* **Problem details**:
Repeat every entry word for word, skipping the pictures.
———
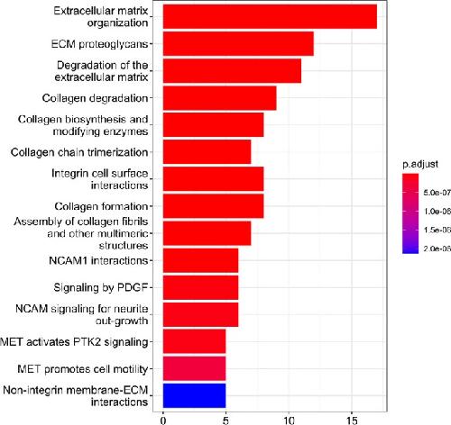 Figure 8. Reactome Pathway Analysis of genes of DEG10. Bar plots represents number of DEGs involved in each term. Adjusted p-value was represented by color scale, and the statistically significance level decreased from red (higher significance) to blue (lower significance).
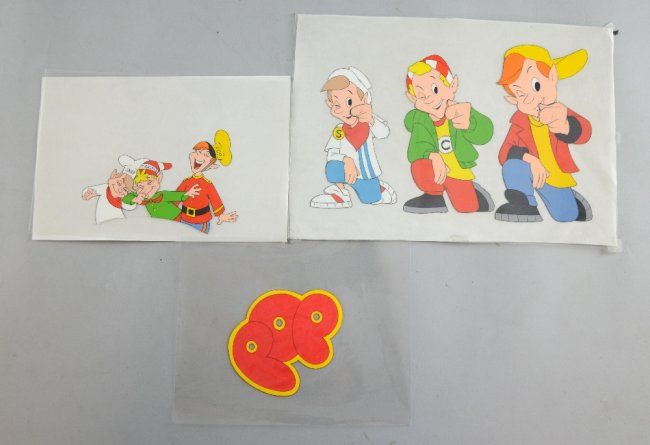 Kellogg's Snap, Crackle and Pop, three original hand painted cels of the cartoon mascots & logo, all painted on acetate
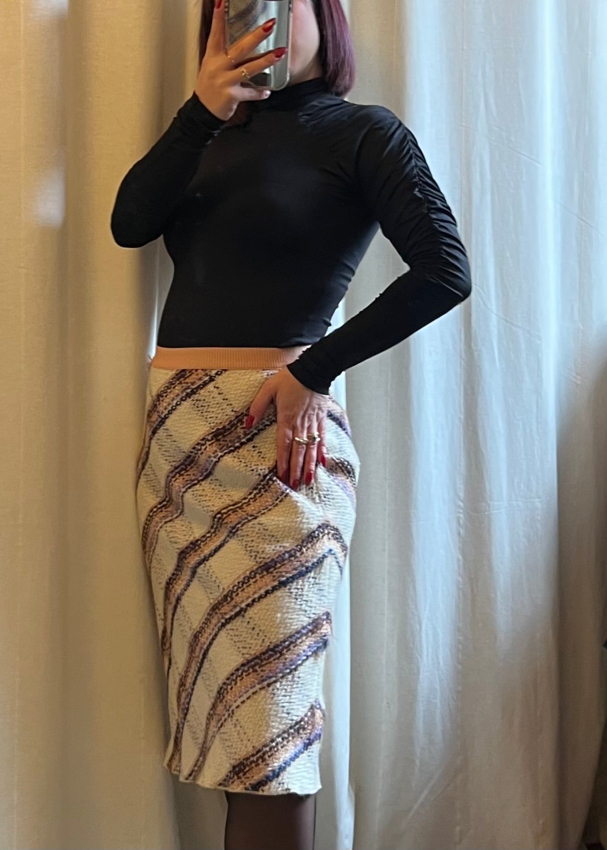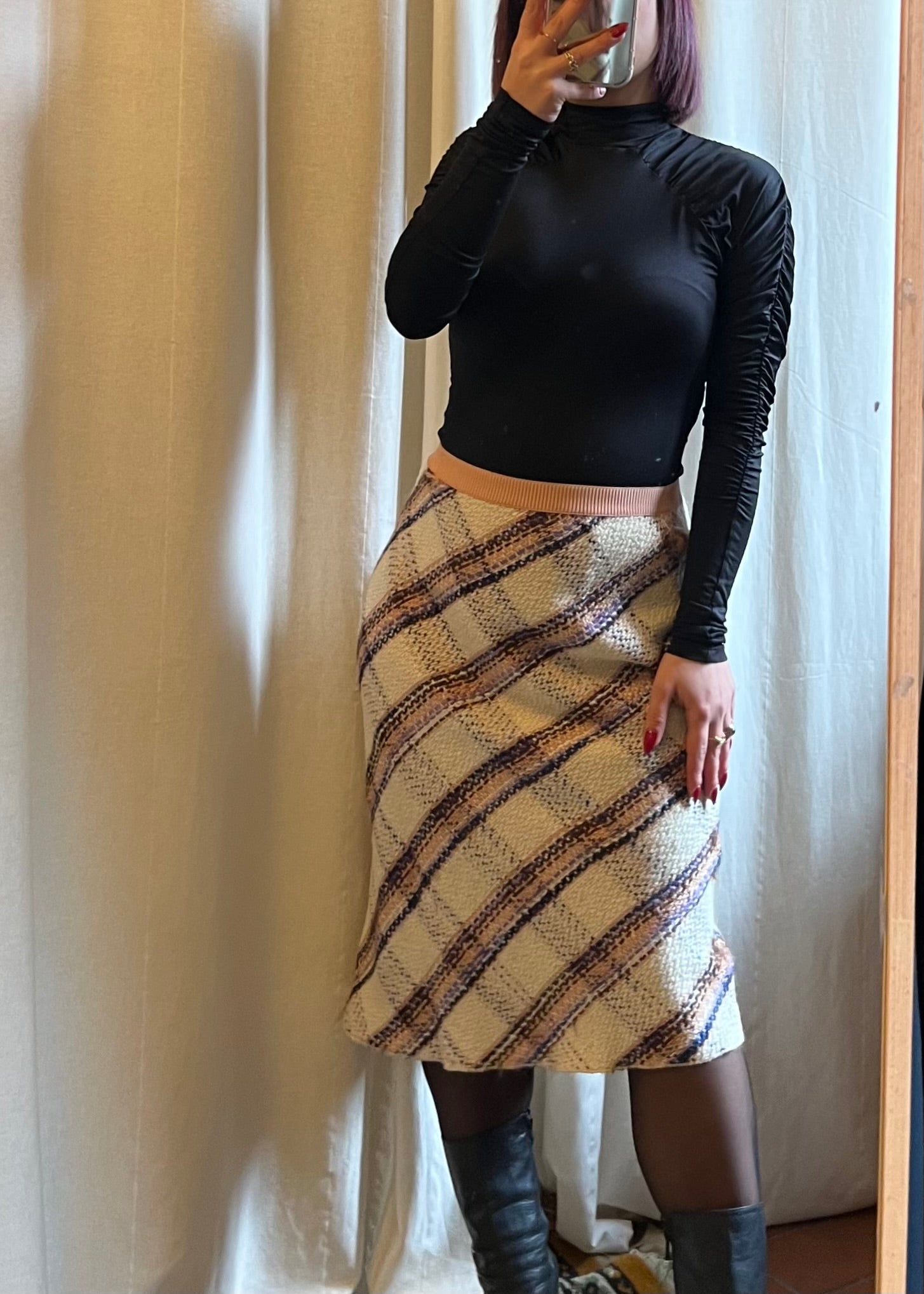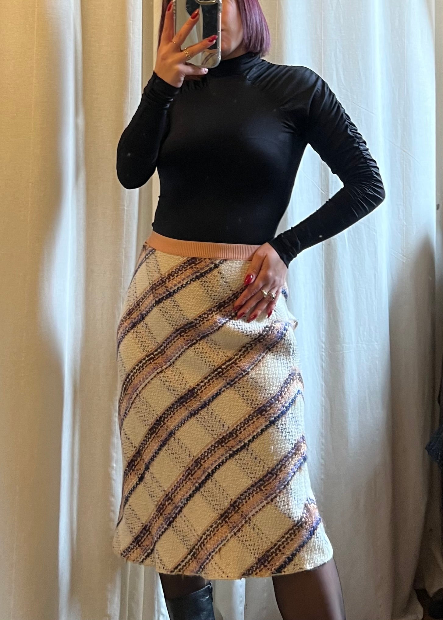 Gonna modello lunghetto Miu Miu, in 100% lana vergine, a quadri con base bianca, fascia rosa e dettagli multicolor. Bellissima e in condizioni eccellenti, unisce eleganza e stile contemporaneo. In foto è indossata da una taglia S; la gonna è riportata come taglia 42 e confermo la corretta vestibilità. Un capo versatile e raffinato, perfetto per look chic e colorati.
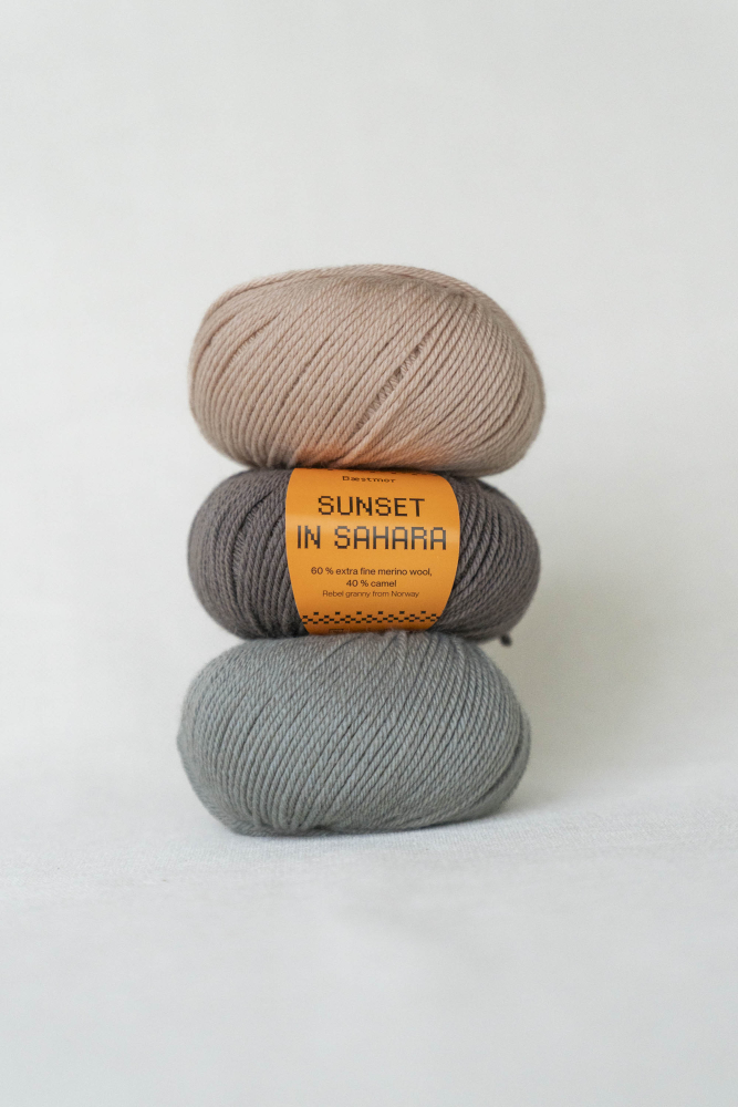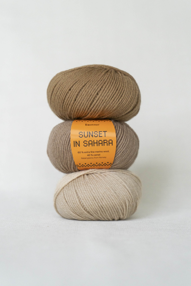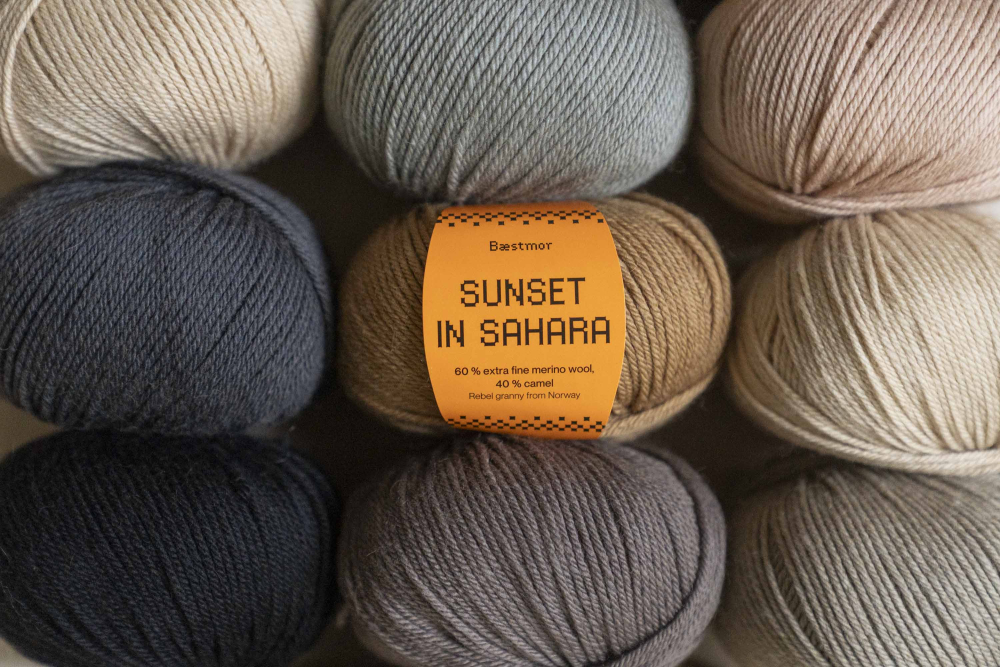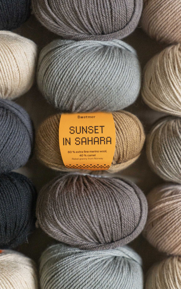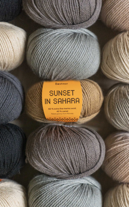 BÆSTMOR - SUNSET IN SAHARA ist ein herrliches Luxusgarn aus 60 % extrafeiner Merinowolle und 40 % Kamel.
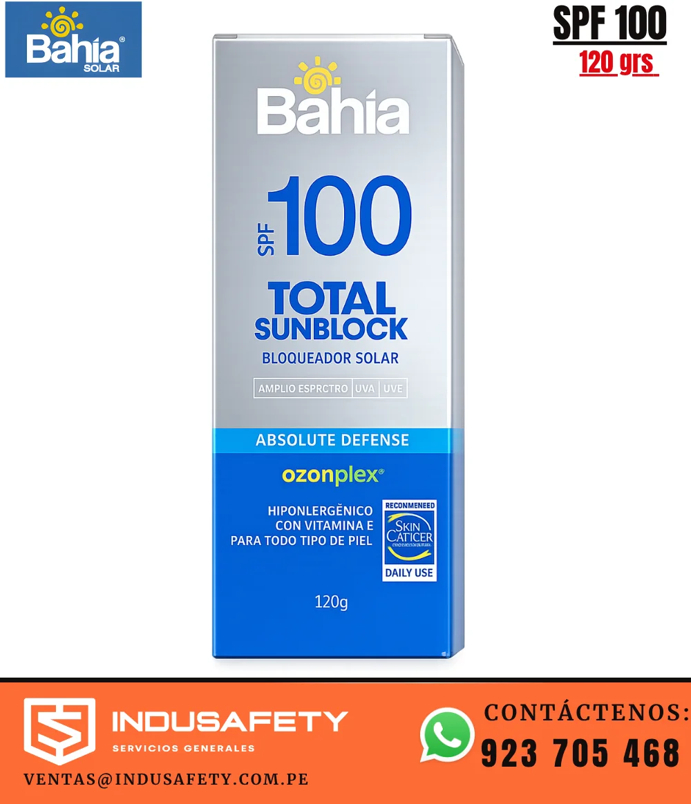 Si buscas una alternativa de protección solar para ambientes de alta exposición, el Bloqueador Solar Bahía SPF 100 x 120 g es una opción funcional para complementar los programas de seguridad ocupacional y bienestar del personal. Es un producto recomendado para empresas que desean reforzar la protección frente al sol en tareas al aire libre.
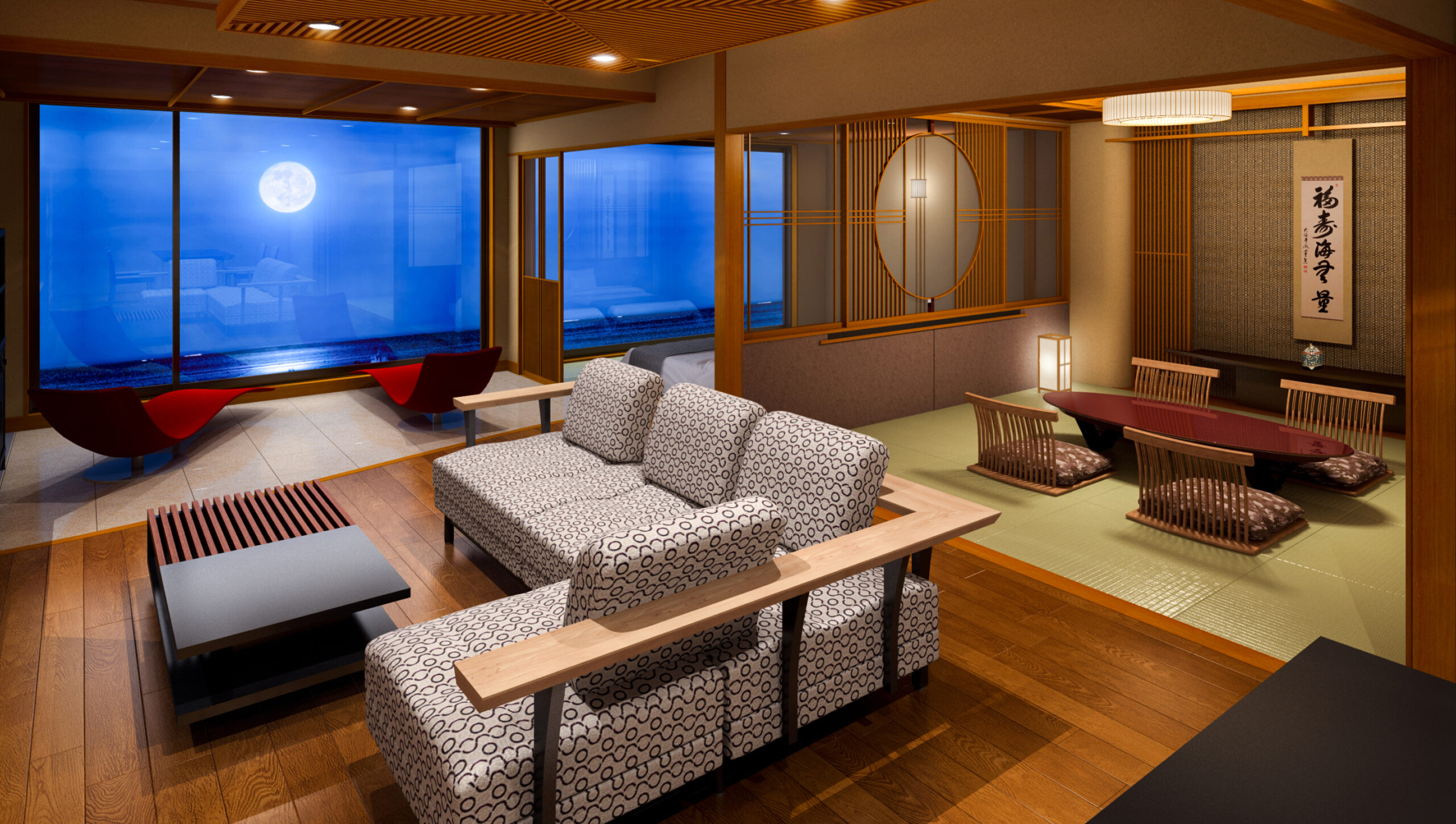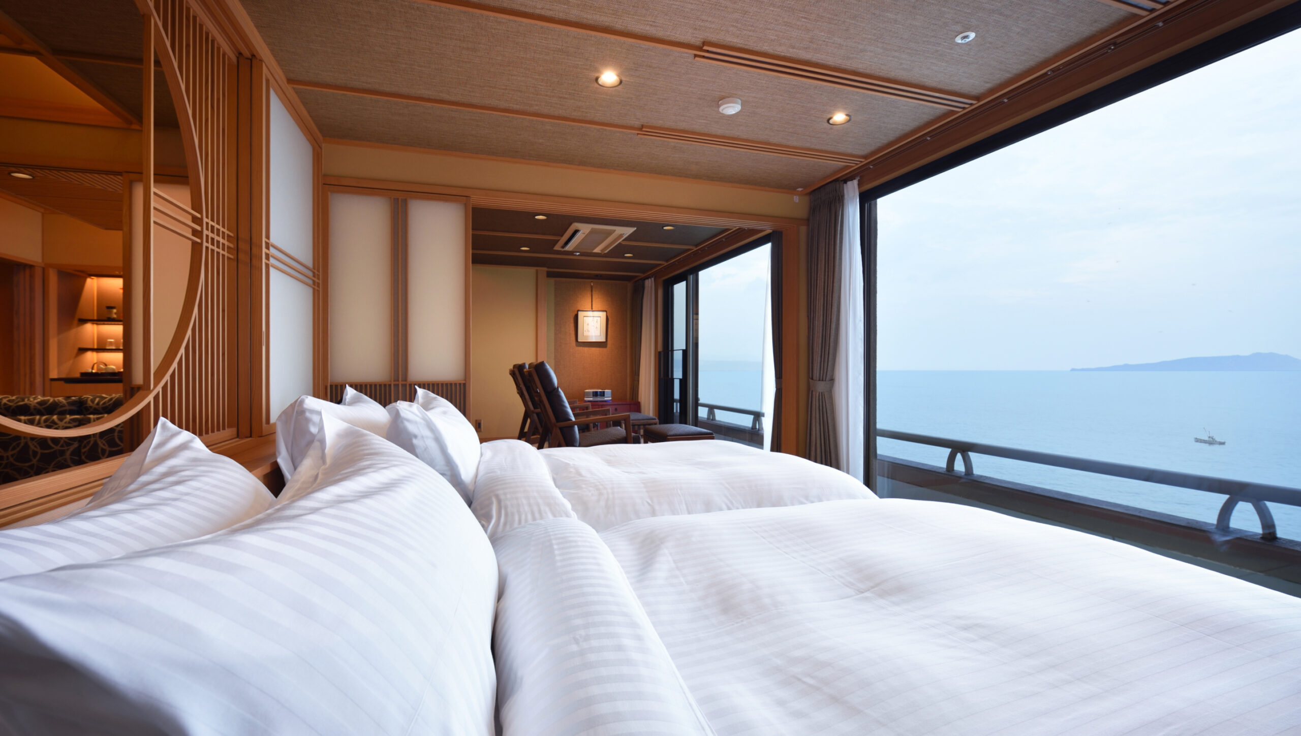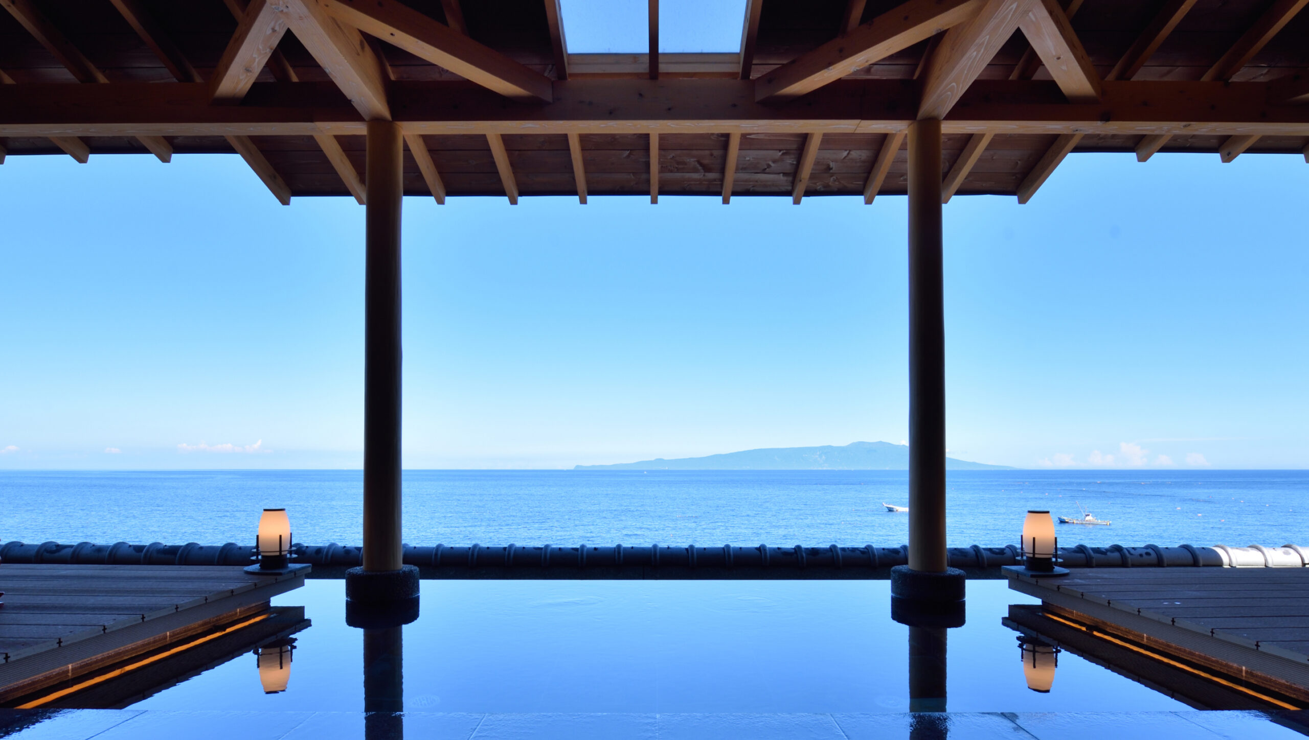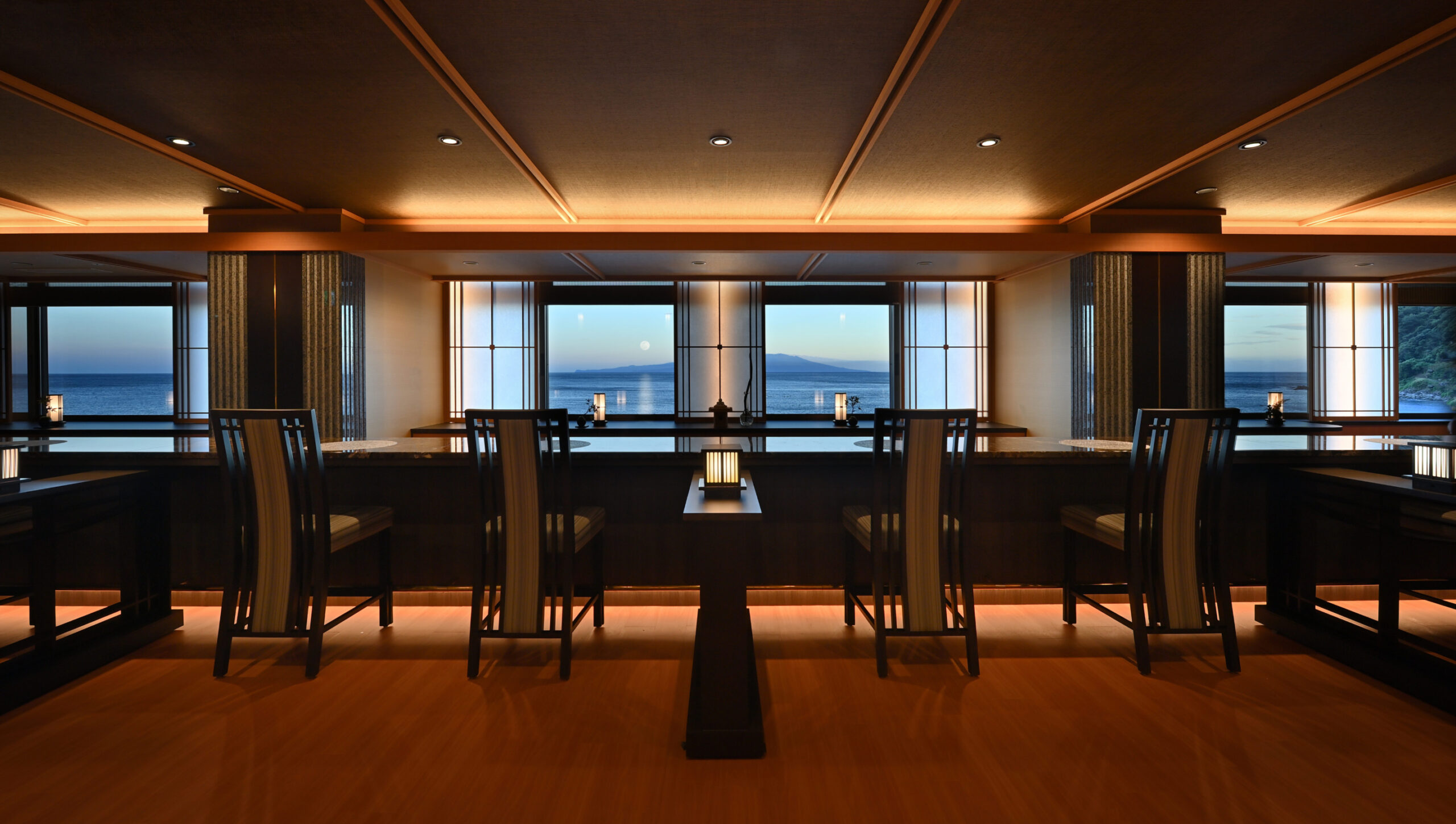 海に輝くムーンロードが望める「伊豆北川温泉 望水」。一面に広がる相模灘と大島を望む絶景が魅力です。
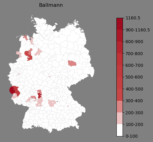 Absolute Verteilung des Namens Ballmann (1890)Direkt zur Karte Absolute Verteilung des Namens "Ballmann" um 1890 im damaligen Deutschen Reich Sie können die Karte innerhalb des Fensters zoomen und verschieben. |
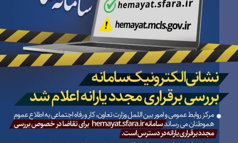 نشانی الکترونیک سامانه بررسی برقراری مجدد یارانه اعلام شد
———
* **Answer space**:
 Figure 8. Reactome Pathway Analysis of genes of DEG10. Bar plots represents number of DEGs involved in each term. Adjusted p-value was represented by color scale, and the statistically significance level decreased from red (higher significance) to blue (lower significance).
 Kellogg's Snap, Crackle and Pop, three original hand painted cels of the cartoon mascots & logo, all painted on acetate
 Gonna modello lunghetto Miu Miu, in 100% lana vergine, a quadri con base bianca, fascia rosa e dettagli multicolor. Bellissima e in condizioni eccellenti, unisce eleganza e stile contemporaneo. In foto è indossata da una taglia S; la gonna è riportata come taglia 42 e confermo la corretta vestibilità. Un capo versatile e raffinato, perfetto per look chic e colorati.
 BÆSTMOR - SUNSET IN SAHARA ist ein herrliches Luxusgarn aus 60 % extrafeiner Merinowolle und 40 % Kamel.
 Si buscas una alternativa de protección solar para ambientes de alta exposición, el Bloqueador Solar Bahía SPF 100 x 120 g es una opción funcional para complementar los programas de seguridad ocupacional y bienestar del personal. Es un producto recomendado para empresas que desean reforzar la protección frente al sol en tareas al aire libre.
 海に輝くムーンロードが望める「伊豆北川温泉 望水」。一面に広がる相模灘と大島を望む絶景が魅力です。
 Absolute Verteilung des Namens Ballmann (1890)Direkt zur Karte Absolute Verteilung des Namens "Ballmann" um 1890 im damaligen Deutschen Reich Sie können die Karte innerhalb des Fensters zoomen und verschieben. |
 نشانی الکترونیک سامانه بررسی برقراری مجدد یارانه اعلام شد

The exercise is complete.